Urban road-based risk prediction is a crucial yet challenging aspect of research in transportation safety. While most existing studies emphasize accurate prediction, they often overlook the importance of model uncertainty. In this paper, we introduce a novel Spatial-Temporal Zero-Inflated Negative Binomial Graph Neural Network (STZINB-GNN) for road-level traffic risk prediction, with a focus on uncertainty quantification. Our case study, conducted in the Lambeth borough of London, UK, demonstrates the superior performance of our approach in comparison to existing methods. Although the negative binomial distribution may not be the most suitable choice for handling real, non-binary risk levels, our work lays a solid foundation for future research exploring alternative distribution models or techniques.
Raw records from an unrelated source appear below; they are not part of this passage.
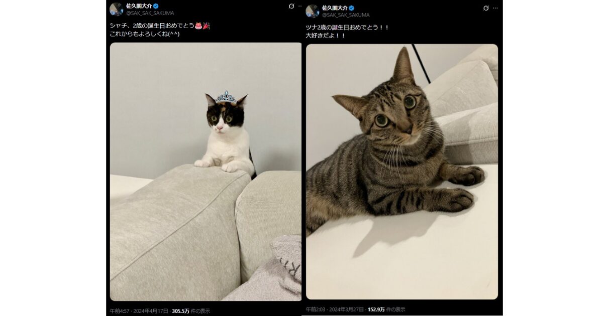 そんな佐久間大介さんは、猫好きとしても知られていて、2匹の猫と一緒に暮らしていることもファンの間では話題になっています。
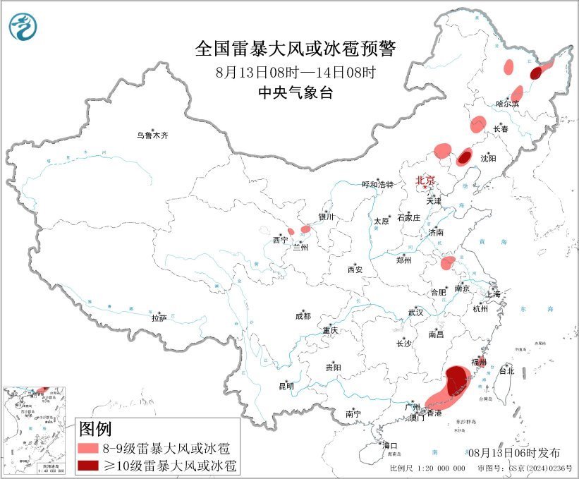 预计8月13日08时至14日08时,内蒙古东南部、东北地区北部和西部、苏皖北部、华南东部等地的部分地区将有8级以上雷暴大风或冰雹天气,其中,黑龙江东北部、辽宁西部、福建南部、广东东部等地的部分地区将有10级以上雷暴大风,最大风力可达11级以上;内蒙古东南部、东北地区北部和西部、江淮西部和北部、江汉、江南北部和西部、西南地区东部和南部、华南等地的部分地区将有小时雨量大于20毫米的短时强降水天气,其中,福建南部、广东东部等地的部分地区小时雨量大于50毫米,最大可达70毫米以上。
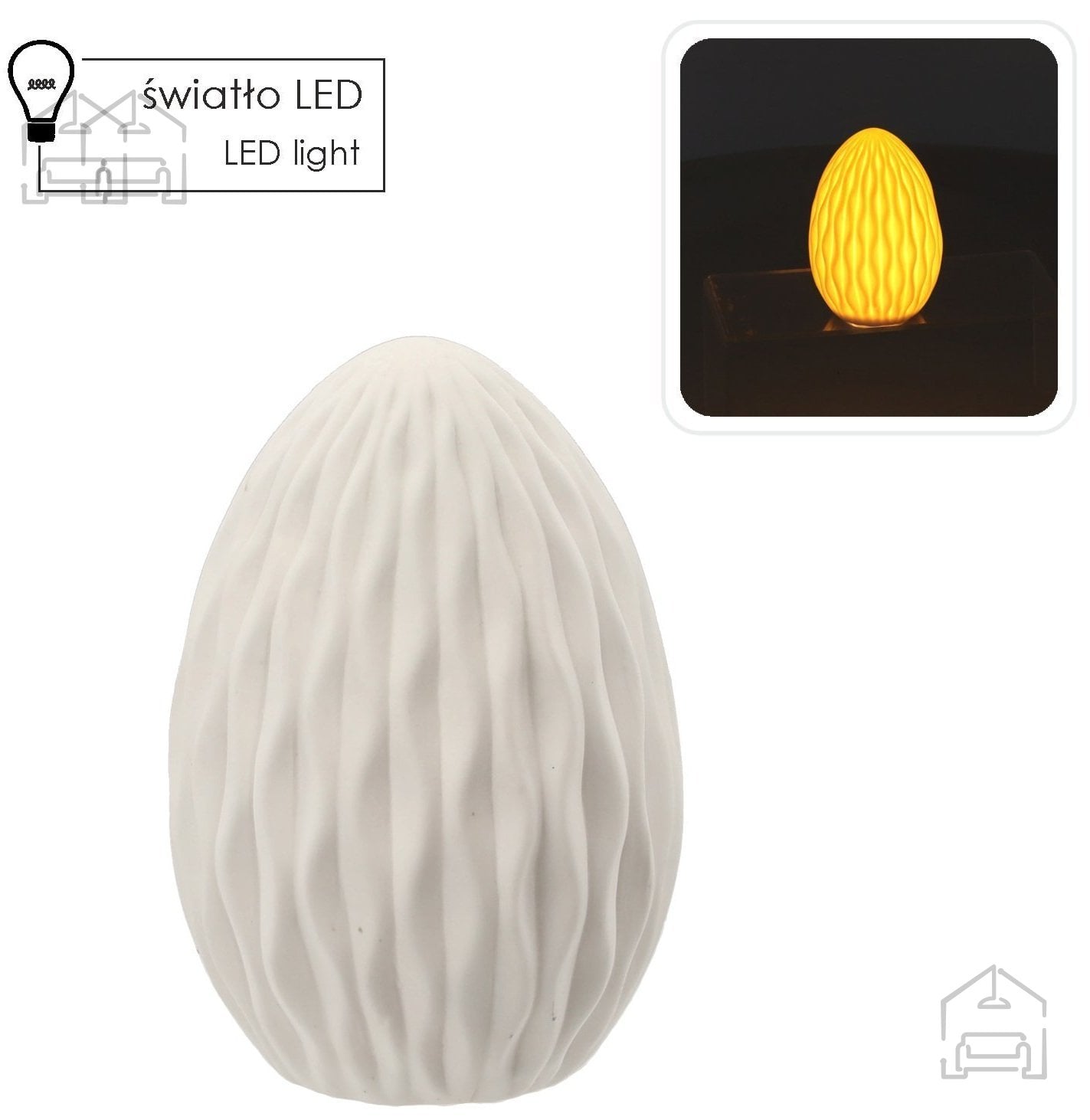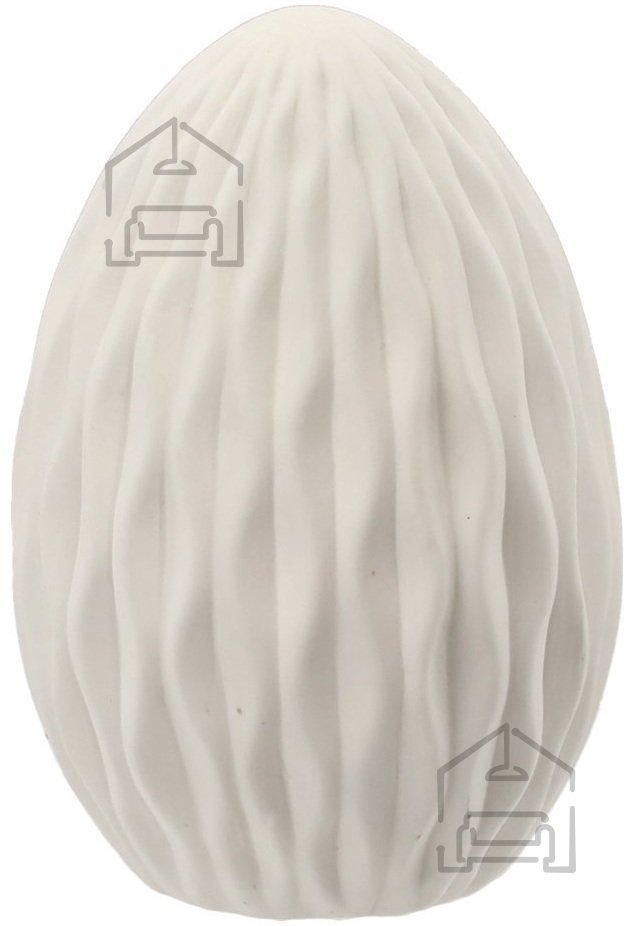 Ta nežno oblikovana velikonočna figurica v obliki jajca združuje tradicionalni simbol praznika z modernim svetlobnim učinkom. Izdelana je iz kakovostne keramike in dopolnjena z LED osvetlitvijo, ki v prostoru ustvari prijetno, toplo svetlobo. Z dimenzijami 9,5x9,5x14 cm se lepo prilega tako na mizo, polico ali okensko polico, kjer lahko postane osrednji dekorativni poudarek. Izdelek prihaja iz tovarne Chomik na Poljskem, ki je znana po izdelavi kakovostnih sezonskih dekoracij.
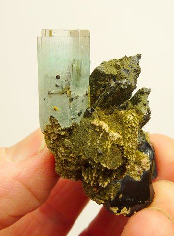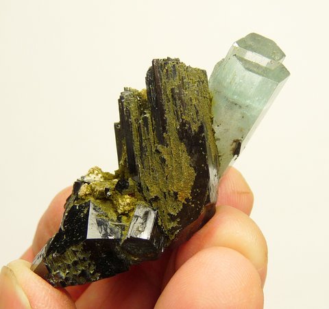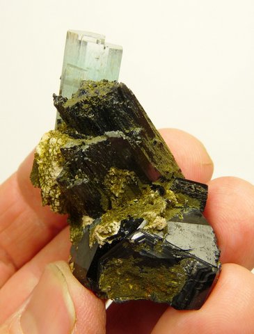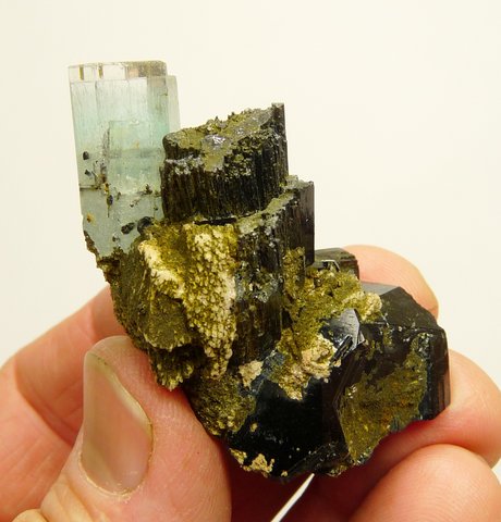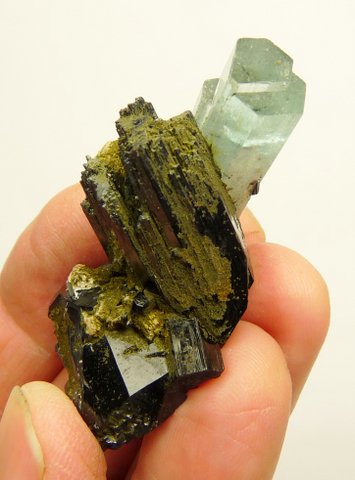 Measurements: 41 x 40 x 32 mm Description: A light blue aquamarine crystal (34 x 11 x 10 mm) with an interesting 'stepped', gemmy termination, sits on schorl crystals (variety foitite) and some feldspar which have a partial coating of very minute, greenish / yellowish crystals of a (to us, unknown) mineral. The
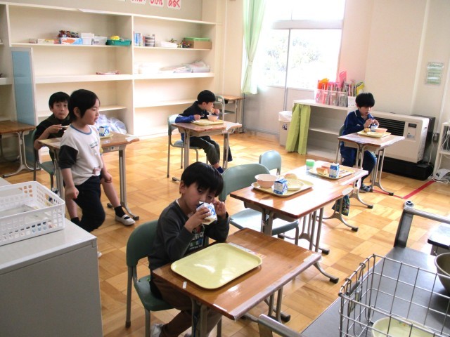 4月23日(木)の学校の様子です。今回は,給食の様子をお知らせします。1年生は,早めに食べ始めているので,食べ終わってしまった児童が多かったです。

Ultimately, the STZINB-GNN contributes to enhanced transportation safety and data-driven decision-making in urban planning by providing a more accurate and reliable framework for road-level traffic risk prediction and uncertainty quantification.

Type: Proceedings paper
Title: Uncertainty Quantification in the Road-Level Traffic Risk Prediction by Spatial-Temporal Zero-Inflated Negative Binomial Graph Neural Network(STZINB-GNN)
Event: 12th International Conference on Geographic Information Science (GIScience 2023)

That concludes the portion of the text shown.